Where is it? It's here. So we told Moltbot, at the time that was the name, to go on our developer documentation website and just browse around, but to record the video of that.
And so what Moltbot did was it started browsing, user browser rendering.
The browser rendering API is one of our products. But then at the same time, it downloaded FFmpeg, which is a very popular open source software, to the sandbox.
It took frames of the developer docs pages, like screenshots, using our APIs.
It put the screenshots in files in the disk, in the R2 APIs, and then it used FFmpeg to convert the screenshots to a video.
And it gave us the video and it posted the video on Slack.
And it took him like 30 seconds, one minute to do this. That's quite impressive.
And you just asked for a video and it got to understand what it needed to do to achieve that.
Yeah, so I want a short video where you browse through Cloudflare documentation, send it to me as an attachment, feel free to download Chrome and FFmpeg.
By the way, when we said download Chrome, that's when we trick Moltworker to think that Chrome is browser rendering.
So behind the scenes, that's the glue we did.
It's quite amazing how it actually sorted things out. It's like having an intern that is actually very capable and it does things for you, especially if it's on the web.
That's kind of an insult to interns, but yes, I understand the metaphor.
A very good intern. Anything more? No, that's it. I mean, Moltworker also became hugely popular.
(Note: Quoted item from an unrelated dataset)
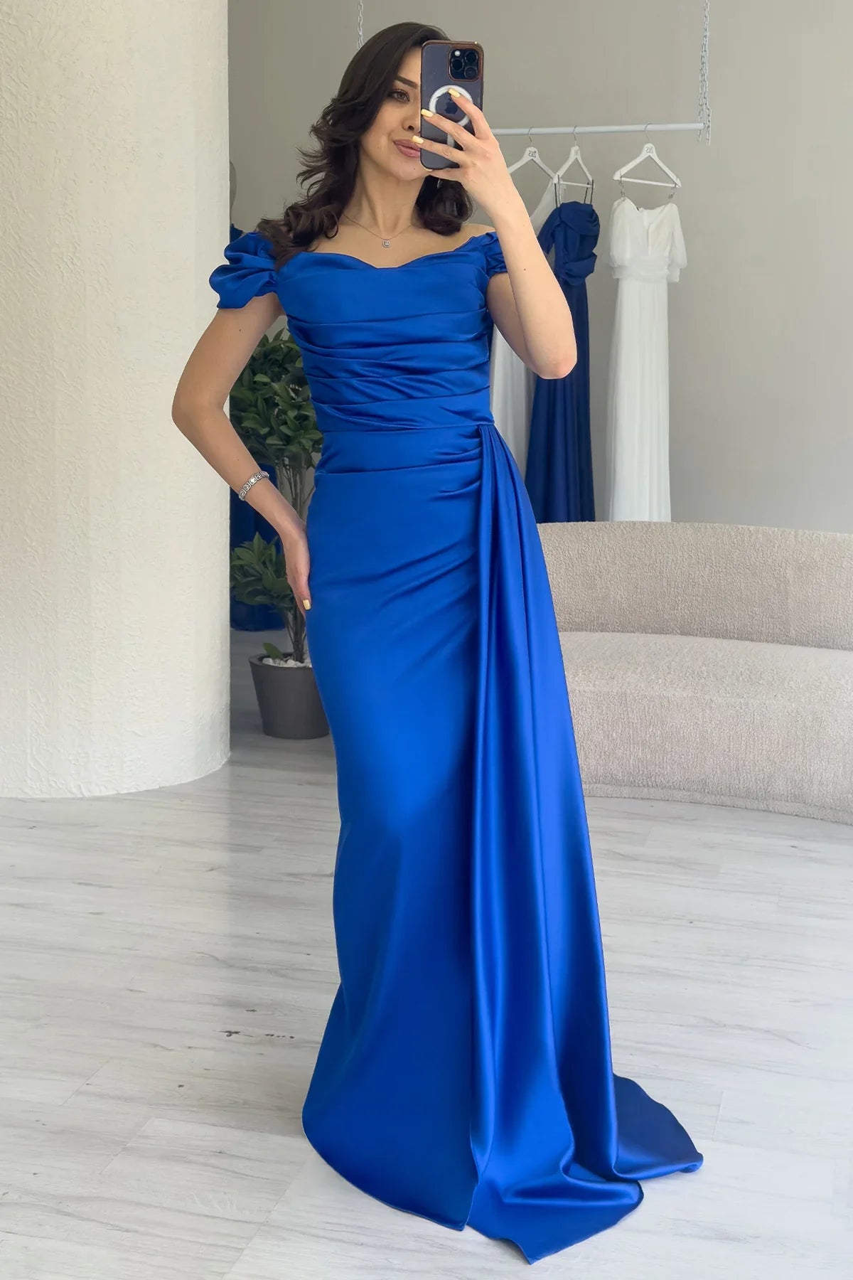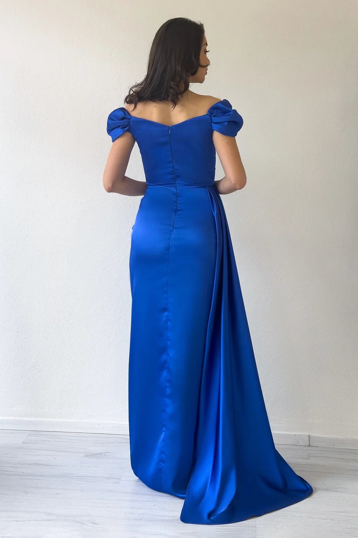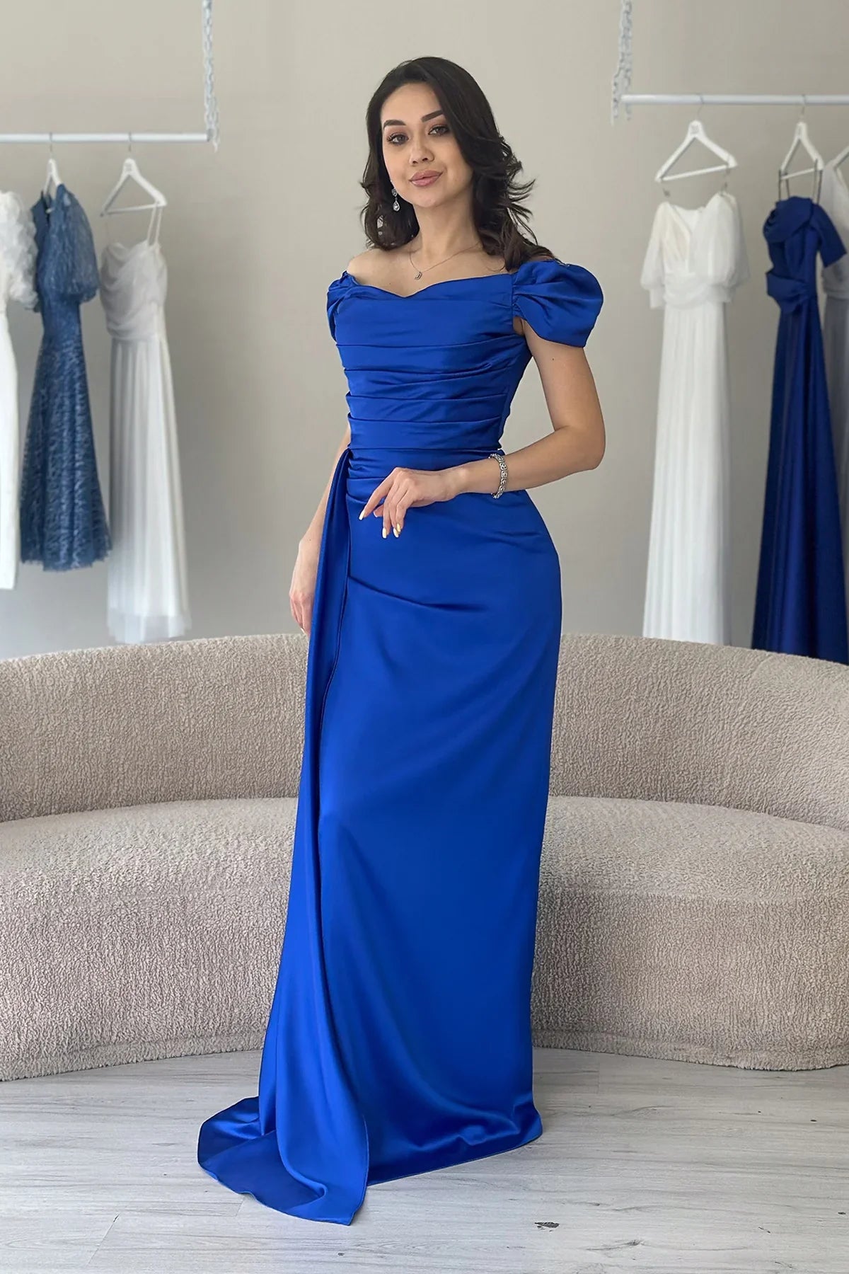 Kadın Saks Mavisi Düşük Omuz Saten Drapeli Yırtmaçlı Abiye Elbise

We now have like 10,000 stars on our GitHub repo.
We made it open source and we're still supporting the project just out of respect for everyone who decided to try and experiment that.
So we're still fixing bugs and improving things.
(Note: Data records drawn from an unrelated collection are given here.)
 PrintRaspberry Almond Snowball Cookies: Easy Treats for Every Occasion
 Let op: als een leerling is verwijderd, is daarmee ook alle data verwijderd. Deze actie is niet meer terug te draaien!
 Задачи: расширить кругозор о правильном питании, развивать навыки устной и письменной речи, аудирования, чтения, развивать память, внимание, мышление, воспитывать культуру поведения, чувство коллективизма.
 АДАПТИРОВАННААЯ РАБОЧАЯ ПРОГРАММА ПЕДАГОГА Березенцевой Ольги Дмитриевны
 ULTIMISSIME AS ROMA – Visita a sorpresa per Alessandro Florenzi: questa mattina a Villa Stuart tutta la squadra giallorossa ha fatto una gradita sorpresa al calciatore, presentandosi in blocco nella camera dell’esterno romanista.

But again, I want to say this twice.
This is not a Cloudflare product. It's a proof of concept. And people should keep an eye on Agents SDK because it's going to be amazing to build things like this in the near future.
Makes sense. Regarding the examples that you've seen that were more mind-boggling, may that be Moltworker or even other Agents?
What are the use cases you have seen?
I mean, ever since the year started, I'm constantly being surprised on a day-to-day basis on how people are using AI, how sophisticated AI coding and personal assistant tools became.
It's just unbelievable. And I think I'm not alone.
You probably feel the same. I feel the same, yeah. Everyone's using AI and I don't think AI is taking anyone's jobs.
It's intensifying everyone's jobs in a good way.
And I think that if we stop being skeptic about AI and we just embrace and we know how to use AI, it can really become a very powerful tool for our professional lives, yes.
Makes sense. So you don't think it's overhyped? I think we've passed that phase.
I think now we're realizing how useful it can be. It's a long discussion, but I'm more on the side of embracing now than being skeptic.
And that's it. Thank you for inviting me. Thank you for being here. And that's a wrap for this week.